MacCulloch was one of three players who were announced as the latest inductees to the Manitoba Basketball Hall of Fame.
"That feels great," said MacCulloch, who plans to attend the induction dinner in October. "It's really nice to be inducted in my home province. It's quite an accomplishment and I'm really honoured to be recognized."
While playing in back-to-back NBA finals with two different teams will remain a special memory for MacCulloch, there is another one that actually beats that.
"Winning the provincial championship when I was in Grade 11," he recalled. "We were playing Miles Mac and we beat them 61-59, and I scored 50 points.
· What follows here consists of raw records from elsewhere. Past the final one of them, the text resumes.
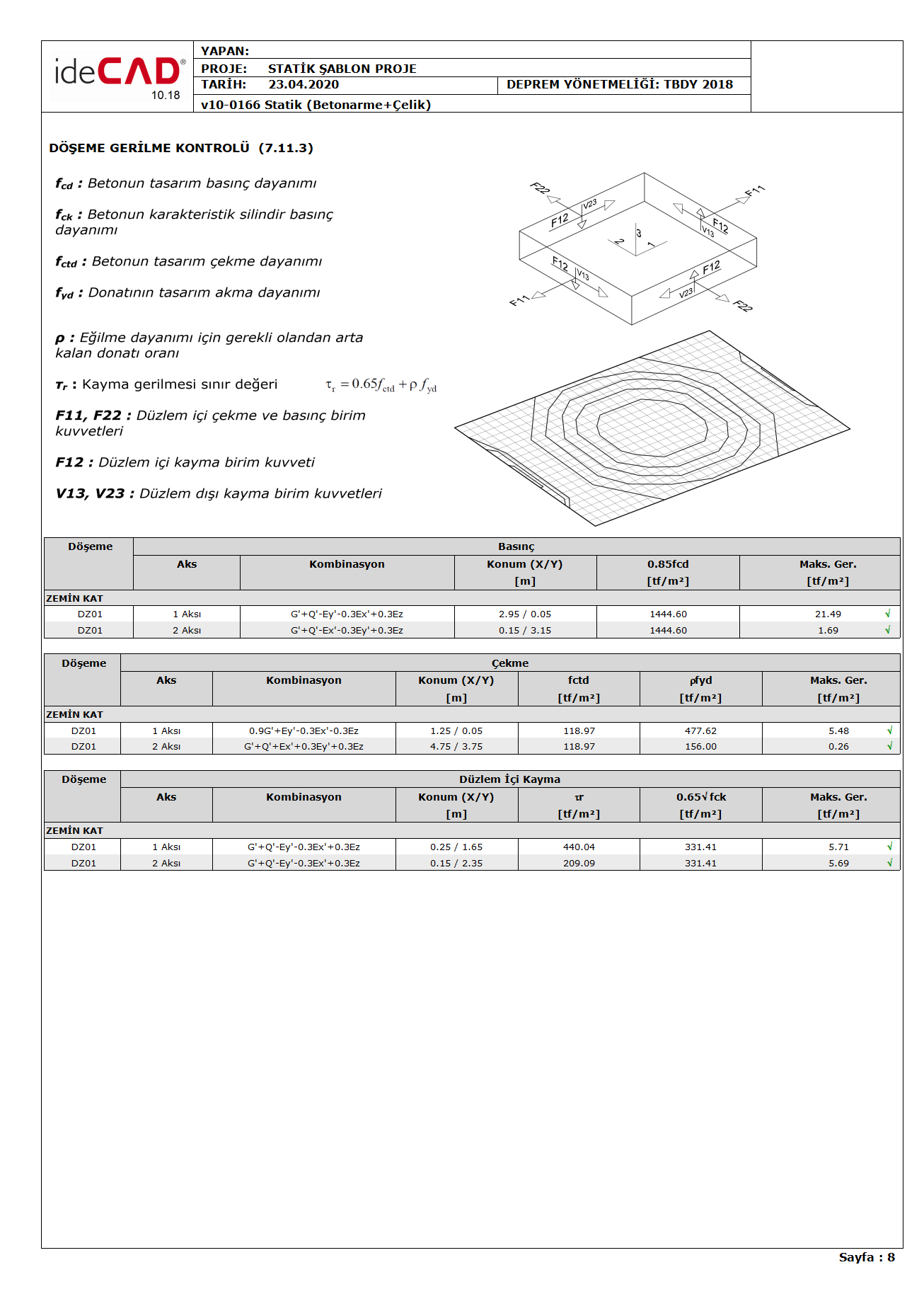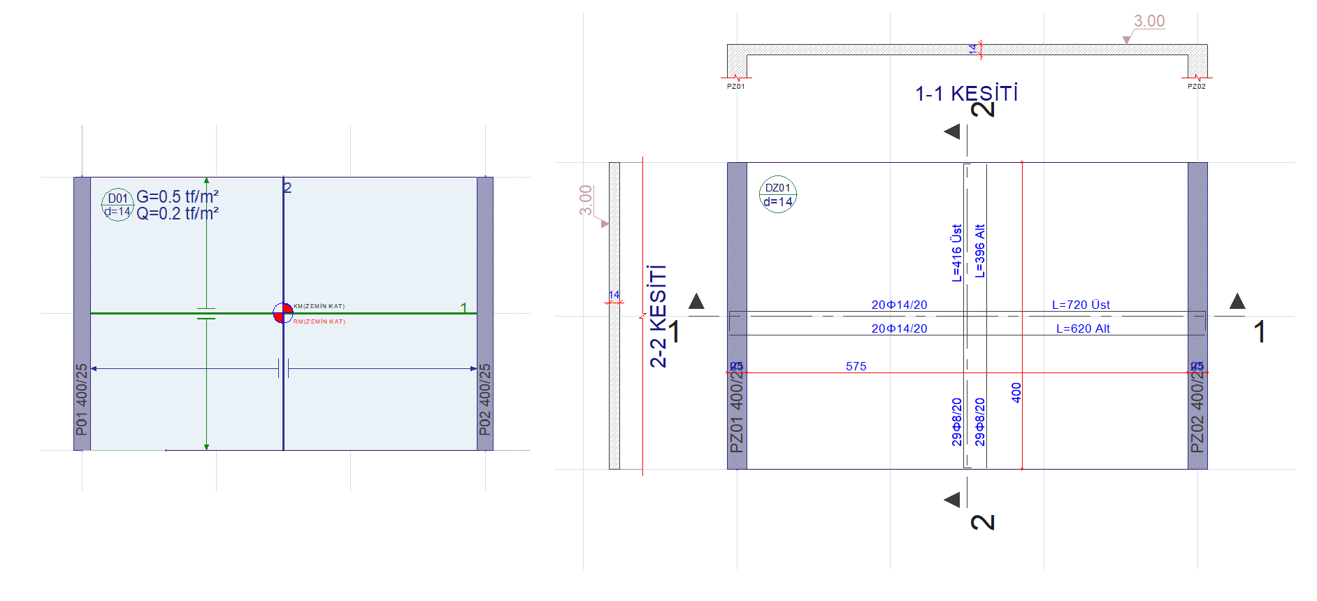 In the sample project, the in-plane pressure, tensile and shear stress control will be made in the D01 slab according to the conditions specified in Article 7.11.3 of TBDY.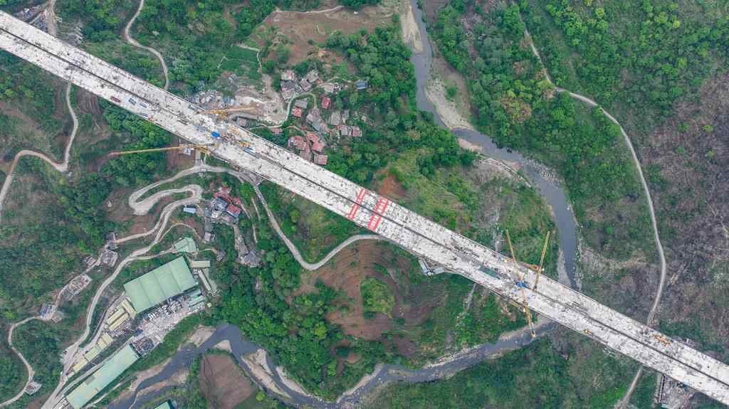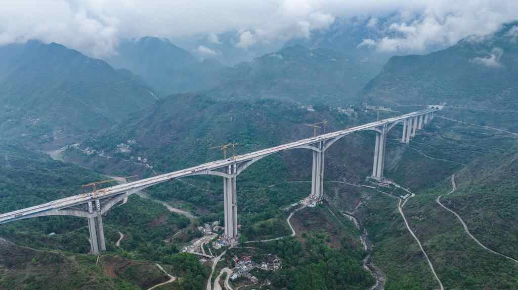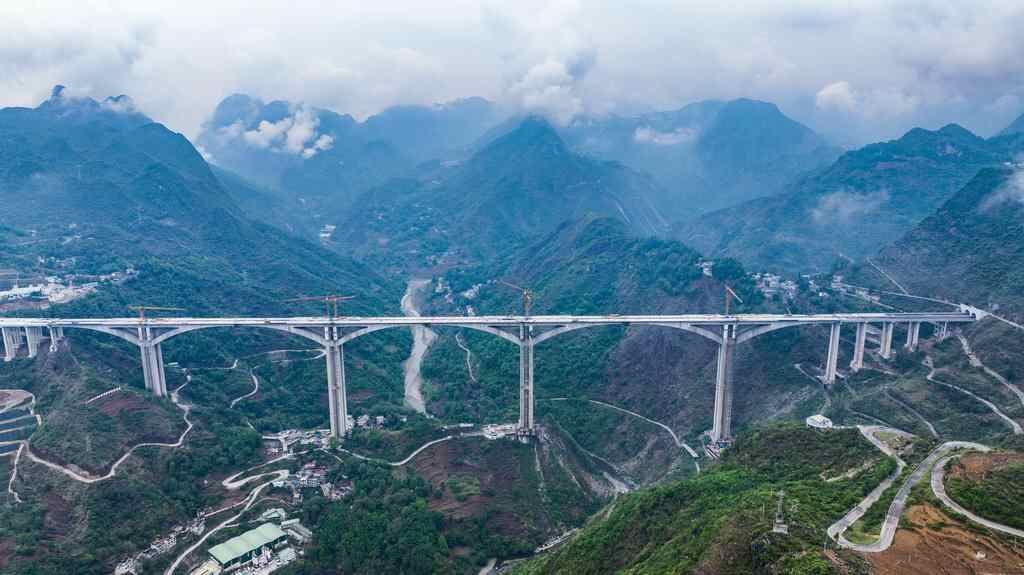 5月15日,由贵州路桥集团承建的纳晴高速六枝特大桥顺利合龙,为推动纳(雍)晴(隆)高速全线通车的目标奠定了坚实基础。六枝特大桥位于贵州省六盘水市六枝特区中寨乡境内,是纳雍至晴隆高速公路的控制性工程,大桥全长2023.5米,桥面距谷底水面净空315米。新华社记者 陶亮 摄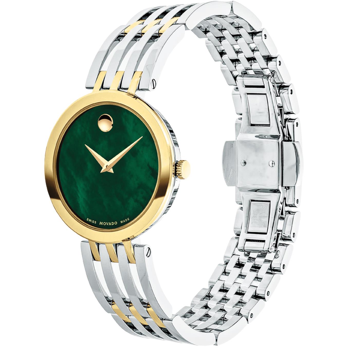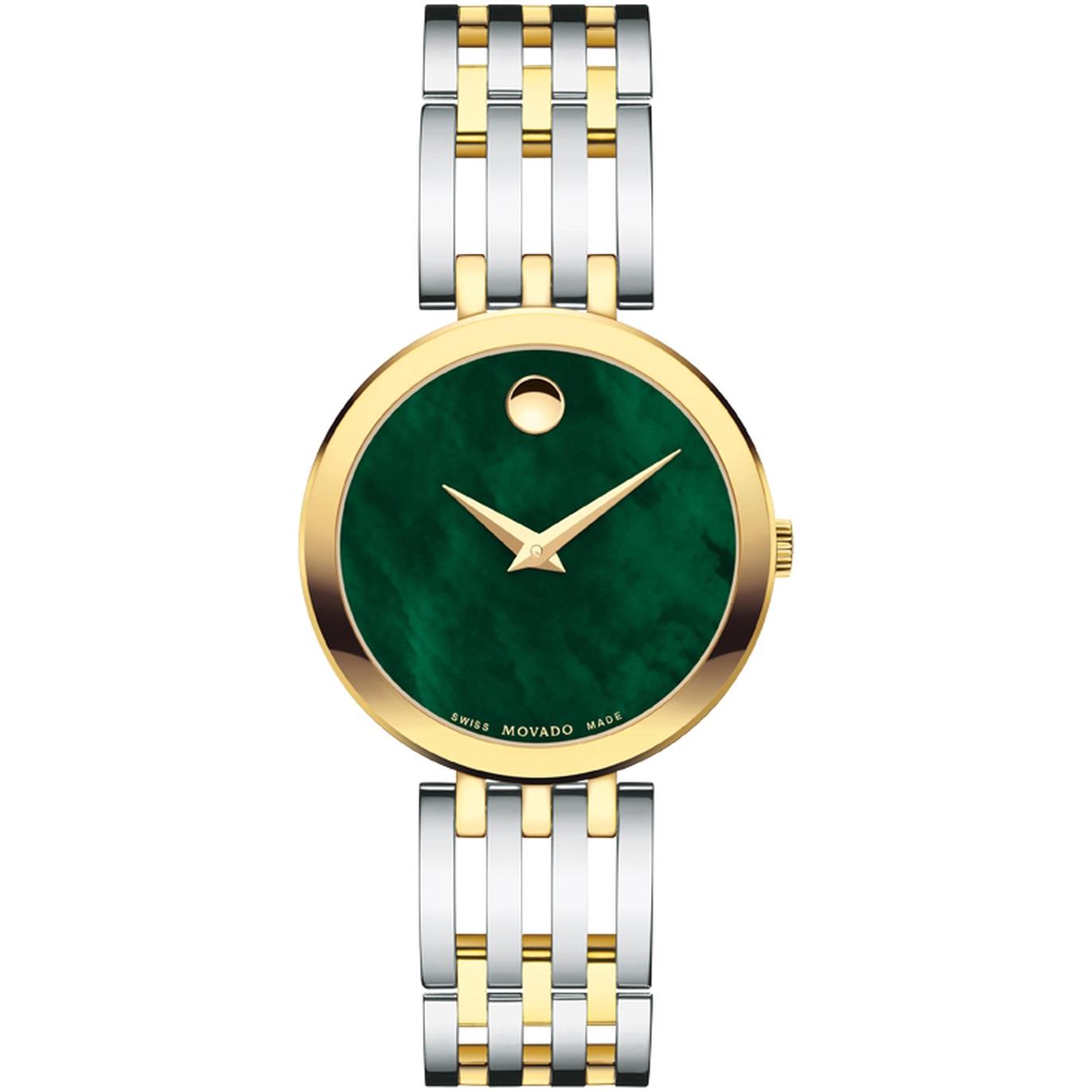 ساعت مچی زنانه movado با طراحی کلاسیک بند استیل طلایی و قاب گرد طلایی و صفحه سبز صدفی با شیشه ضد خراش و موتور سوئیسی با انرژی باتری و مقاومت در برابر آب تا عمق 30 متر به همراه دو سال گارانتی بین المللی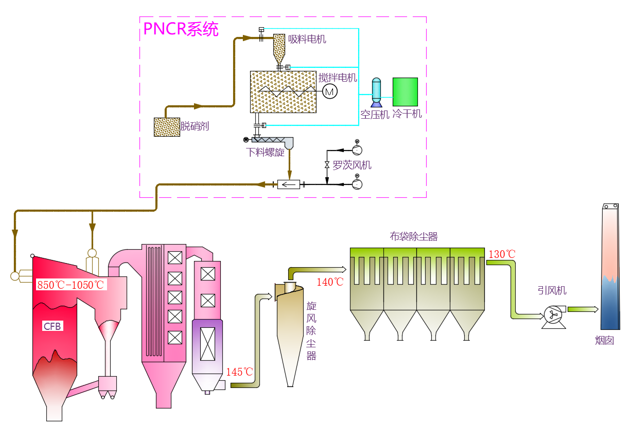 固态高分子PNCR脱硝工艺也是一种炉内脱硝工艺,其基本原理类似于传统的SNCR方式。

I was so happy that we won that it was like an out-of-body experience. I've been trying to get that feeling back ever since. But I've never been able to recapture that feeling, maybe because it was my first championship."
MacCulloch spent five years being the colour man on 76ers broadcasts until the team eliminated the position last season. He now works as a sports analyst for FOX and still competes in pinball. In fact, he will be one of two Canadians who will compete at the European championship in England this summer.
MacCulloch currently lives on Bainbridge Island with his wife and 15-month-old daughter, Carmen. Despite the problems with his feet, he will still struggle through nine holes of golf but uses a cart.
"I have a 19 handicap for nine holes," he joked.